Innovation is essential in tech and AI-related sectors, as it drives the industry's long-term value. The current world is heavily dependent on AI and technology, which are increasingly incorporated across industries such as healthcare and education. Without innovation, we should really ask ourselves whether and how we can adapt to changing market conditions and continue to progress even without the assistance of AI, which is already considered excessive. While a bubble burst may not turn out as catastrophic as described, we should still approach the issue with caution and be prepared for any outcome.
Finance x Sustainability - Finance as a Power House of the Green Shift
Over the past two weeks, global finance has rapidly shifted from aspiration to action, fueling sustainable technology. Battery-recycling firm Redwood Materials raised $350 million from Eclipse Ventures and NVIDIA's investment arm. This boosts the U.S. clean-energy supply chain and access to battery materials for AI-driven data center growth. NextEra Energy and Google signed a 25-year deal to restart an Iowa nuclear plant, providing long-term, carbon-free power for Google’s cloud operations and modeling direct Big Tech participation in energy infrastructure. Brookfield Asset Management and Cameco Corporation signed an $80 billion U.S. nuclear deal with Westinghouse, backed by government financing and possible IPO warrants, enabling Westinghouse to accelerate nuclear project delivery and expand U.S. capacity.
Together, these events show how finance, technology, and sustainability are converging. This forms a new investment thesis: low-carbon infrastructure as a core growth engine. For investors, the message is clear—recent deals directly accelerate the deployment and scaling of cleaner infrastructure, making it a central engine for growth moving forward. The future of capital isn’t just digital or green—it’s both.
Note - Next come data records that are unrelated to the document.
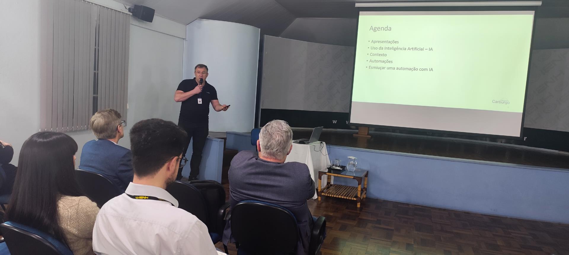 André Scheibe, Gerente de TI do Grupo Carburgo, que compartilhou experiências práticas sobre o uso de IA em processos internos e no relacionamento com clientes.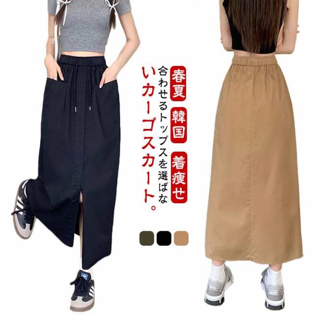 カーゴスカート レディース 夏 スカート ロングスカート タイトスカート ロング マキシ丈 Aライン 春夏 ボトムス ミリタリースカート ポケット付き スリット 大きいサイズ カジュアル 韓国ファッション おしゃれ 体型カバー 着痩せ 送料無料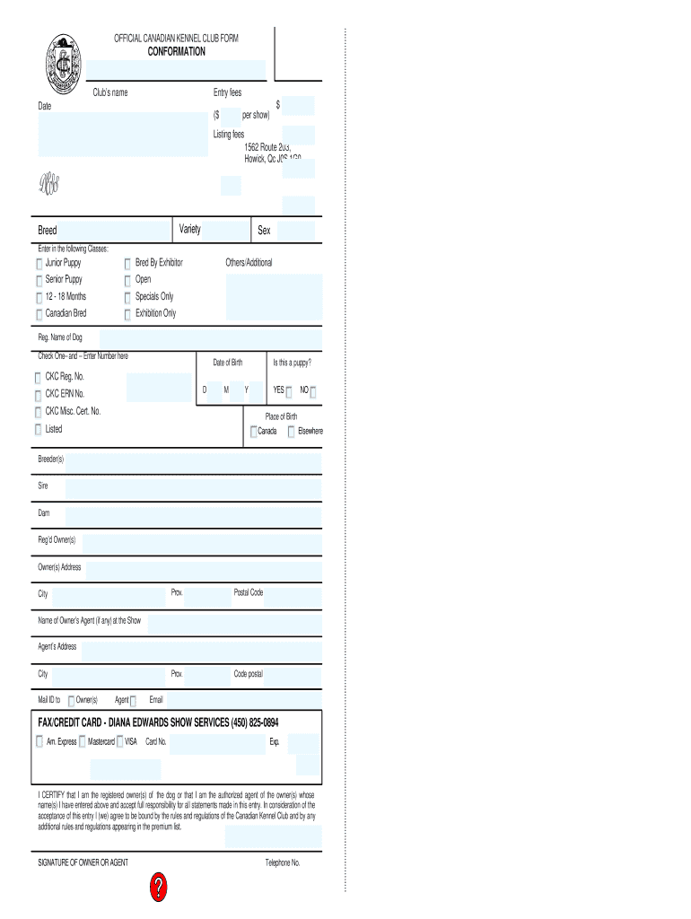 OFFICIAL CANADIAN KENNEL CLUB FORM CONFORMATION Clubs name Entry fees $ Date ($ per show) Listing fees Catalog Mail to: Diana Edwards Show Services 1562 Route 203, Hoick, QC J0S 1G$$0 ($ each) TOTAL

BlackRock Bets on Nuclear Energy as the Next Green Revolution
In October, BlackRock announced a $10 bn clean-energy infrastructure fund to finance small modular nuclear reactors (SMRs), a move that could redefine sustainable investing. For years, nuclear energy was viewed as controversial, but growing energy demand and net-zero targets are forcing investors to reconsider its role. SMRs promise cheaper and faster deployment than traditional plants, making them increasingly attractive to both governments and asset managers. BlackRock’s initiative signals a broader shift: sustainability is no longer limited to wind and solar, but now includes technologies capable of providing constant, carbon-free power. The fund also reflects a strategic alignment between finance and energy security, as geopolitical tensions make supply diversification essential. If successful, this could mark the start of a new investment narrative: one where “green” and “nuclear” coexist.